4. Mme B, ressortissante sri-lankaise née le 30 juin 1982 à Pandrisuddan (Sri Lanka), entrée en France le 12 mars 2014 sous couvert d’un visa long séjour, a bénéficié le 16 octobre 2014 de la délivrance d’une carte de résident en qualité de conjointe d’une personne bénéficiaire de la protection internationale. Le 31 août 2024, la requérante a présenté une demande de renouvellement de ce titre de séjour sur la plateforme « Administration Numérique pour les Etrangers en France » (ANEF) et a été rendue destinataire d’une simple attestation de dépôt.
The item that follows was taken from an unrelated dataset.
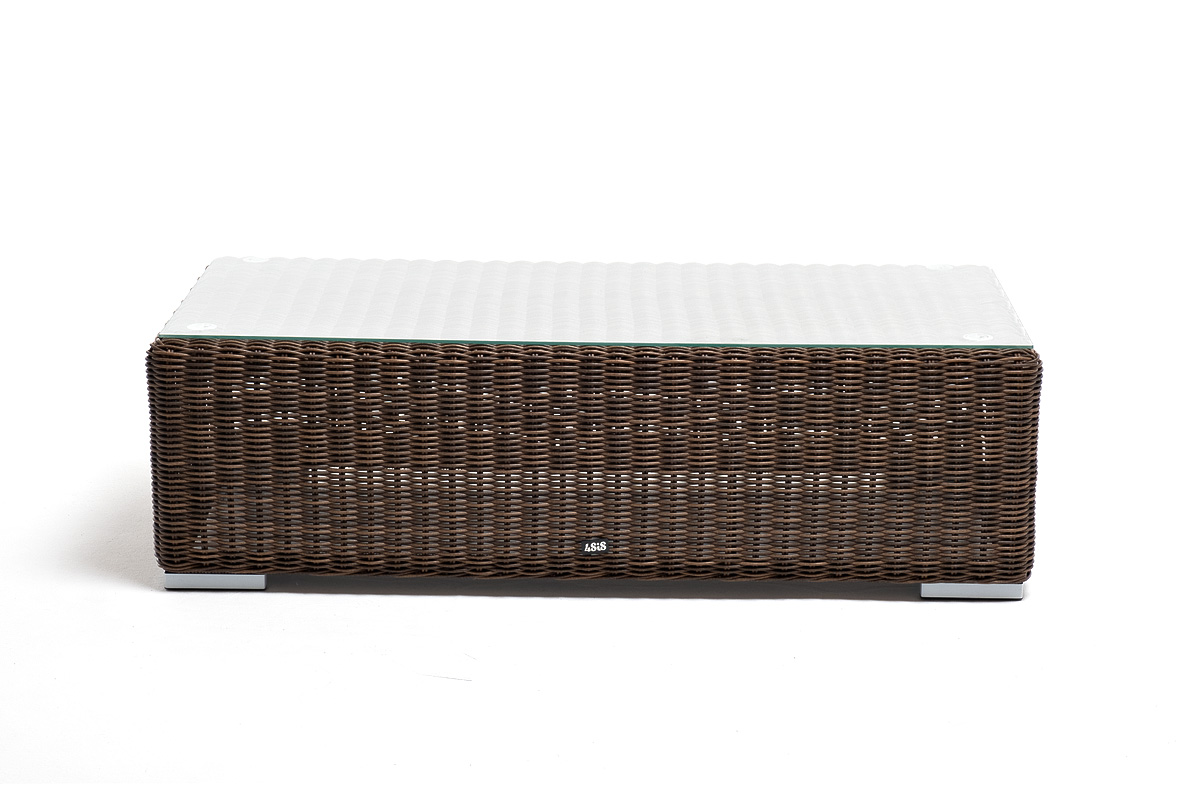 Плетеный столик представлен в коричневом цвете.

Mme B demande qu’il soit enjoint au préfet du Val-de-Marne de la convoquer afin de lui délivrer un récépissé de cette demande.
5. Toutefois, le préfet du Val-de-Marne fait valoir que, postérieurement à l’enregistrement de la requête, Mme B a été rendue destinataire d’une attestation de prolongation d’instruction, valable du 10 décembre 2024 au 9 mars 2025. La requérante ne soutient pas avoir rencontré des difficultés dans l’accès effectif à ce document justificatif de la régularité de son séjour. Dès lors, il n’y a plus lieu de statuer sur les conclusions présentées par Mme B sur le fondement de l’article L. 521-3 du code de justice administrative.
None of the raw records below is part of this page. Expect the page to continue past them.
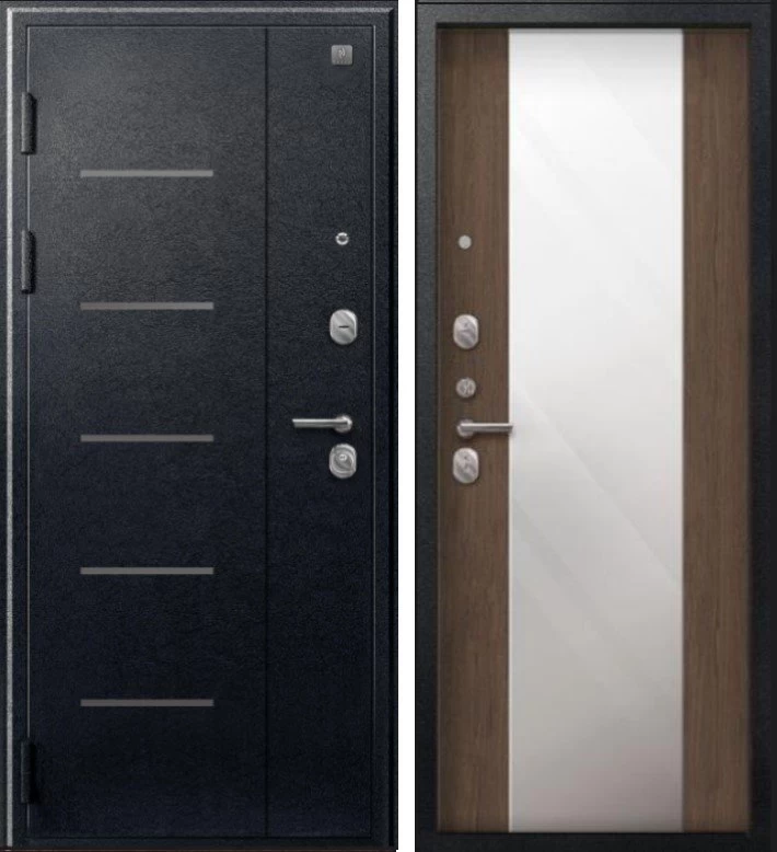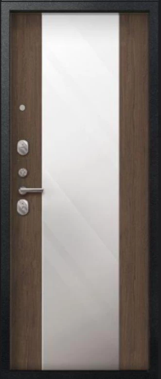Надежная входная Дверь V-04 Черный муар - Миндаль Зеркало премиум класса по цене 42 731 руб. Большая толщина стали защитит от проникновения в ваш дом, квартиру или коттедж. Используется очень качественная фурнитура: замки, цилиндры, ручки, защелки. Покрытие и отделка двери изготовлено под внимательным контролем производителя. Дверь имеет долгий срок службы и гарантию.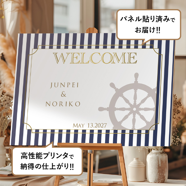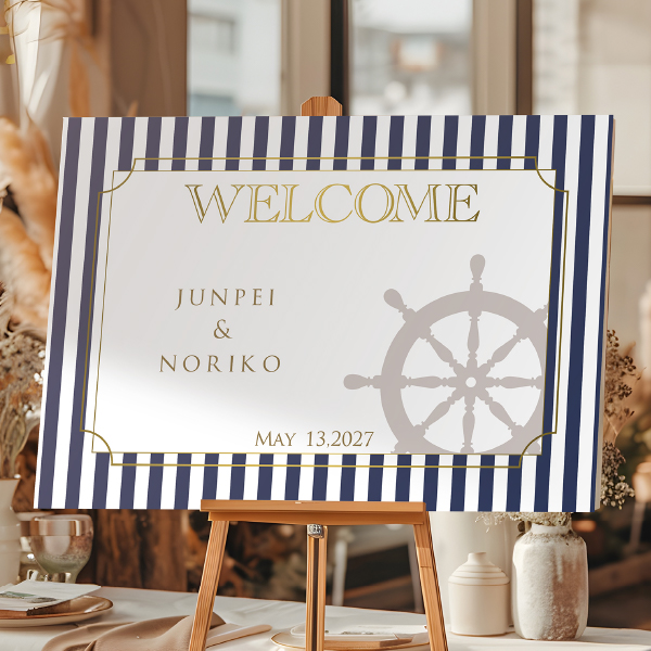 ブルー×ホワイトのストライプは、夏の青い海と白い砂浜を連想させます。爽やかな潮風と夏を感じるウェルカムボードです。どこかクラシカルな印象も持ち合わせているので、海沿いのホテルウェディングなどにもぴったり!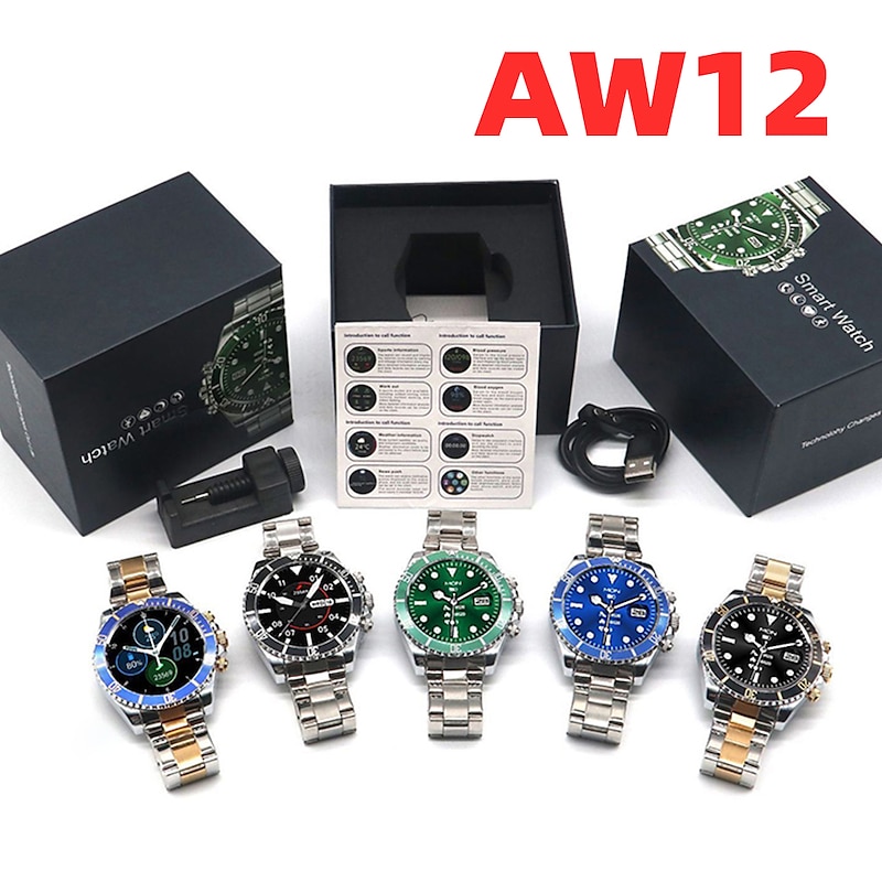 AW12/AW13 Pro Smart Watch with 1.28 Screen, Fitness Tracker, Call Monitor, Media Control, IP67 Waterproof for Android iOS 10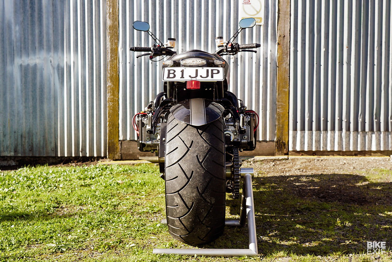 DALAM dunia custom, ada banyak cabaran perlu diatasi jika mahu membikin sebuah motosikal yang dikuasakan enjin kereta. Paling perlu dititik beratkan ialah aspek berat fizikal dan tork, tentang bagaimana mahu memuatkan sebuah enjin – yang relatifnya besar – pada frem sebuah motosikal versi pengeluaran.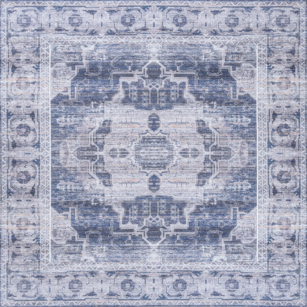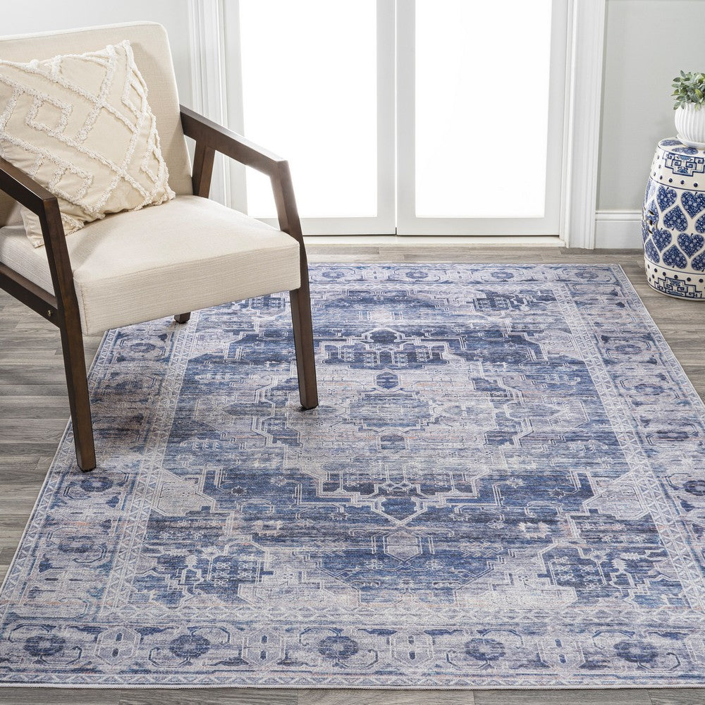 - The navy and ivory medallion design adds a timeless look to any space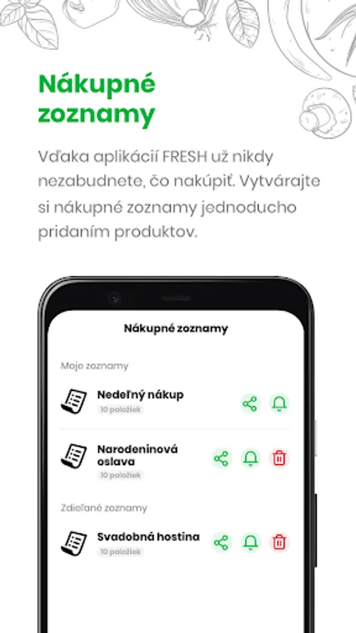 Shopping Lists - With FRESH, you'll never forget what to buy. Create shopping lists simply by adding products from stock flyers, your favorites, or the entire catalog of our product range. You can share shopping lists with your friends, so your partner will never forget to buy your favorite delicacy.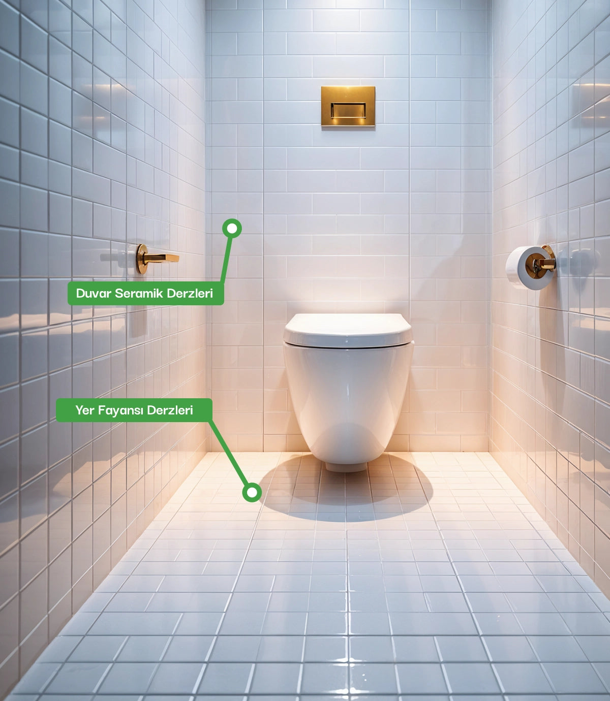 • Tuvalet Kenarı Derzleri: Hijyen sağlar, kötü kokuları azaltır ve berrak görünüm sunar

Sur les frais de justice :
6. Il y a lieu, dans les circonstances de l’espèce, de mettre à la charge de l’Etat une somme de 1 500 euros en application des dispositions de l’article L. 521-3 du code de justice administrative.
O R D O N N E :
Article 1er : Il n’y a plus lieu de statuer sur les conclusions présentées par Mme B sur le fondement de l’article L. 521-3 du code de justice administrative.
Article 2 : L’Etat versera à Mme B une somme de 1 500 euros au titre de l’article L. 761-1 du code de justice administrative.
Article 3 : La présente ordonnance sera notifiée à Mme A B et au ministre d’Etat, ministre de l’intérieur.
Copie en sera adressée au préfet du Val-de-Marne.
La juge des référés,
Signé : C. LETORT
La République mande et ordonne au ministre d’Etat, ministre de l’intérieur en ce qui le concerne et à tous commissaires de justice à ce requis en ce qui concerne les voies de droit commun contre les parties privées de pourvoir à l’exécution de la présente ordonnance.